“The Elder Scrolls IV: Oblivion” expansion packs and the upcoming “Grand Theft Auto IV” upcoming add-ons represent the industry’s most expansive departures from a game’s original content. The catch: that content must remain consistent with the original rating branded by the ESRB.
New content cannot introduce elements that would alter the original rating, or the overall rating must change. ESRB president Patricia Vance explained what this meant for content makers at a MI6 Conference panel on marketing and user generated content last week.
“If a game submits a game to us and it gets a teen rating and then wants to add downloadable content to that game in the future, which is obviously happening a lot today, they have to keep the content in the downloadable product consistent with the core rating. It can’t go out of bounds,” said Vance.

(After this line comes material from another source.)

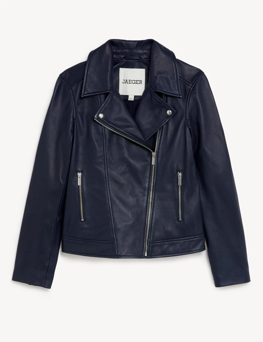 Give your look a bold edge with this leather biker jacket from Jaeger. It’s designed in an oversized fit that’s perfect for layering. Silver hardware including chunky zips and press studs on the collar delivers a classic biker look. Pair with your favourite jeans or skirt for a stylishly laid-back look.

Essentially, Rockstar Games couldn’t release a “director’s cut” downloadable for “Manhunt 2” that would unlock the previously censored content and make the game Adults Only. The ESRB would force Rockstar to re-brand the original product as Adults Only, even though the downloadable content is optional.
The same would go for a downloadable release of “Hot Coffee” into “Grand Theft Auto: San Andreas,” or patching the interactive sex scenes back into “Indigo Prophecy.”
“If it [the downloadable content] does [require altering the original product], then obviously the rating will have to change,” said Vance. “But the consumer is still being informed. That downloadable content is still carrying an ESRB rating and the consumer’s ultimately protected by being informed.”
Readers, what do you make of the ESRB enforcing publishers to make their downloadable content consistent with the original game? If Rockstar wanted to make their add-on for “GTA IV” for Adults Only, should they be allowed to?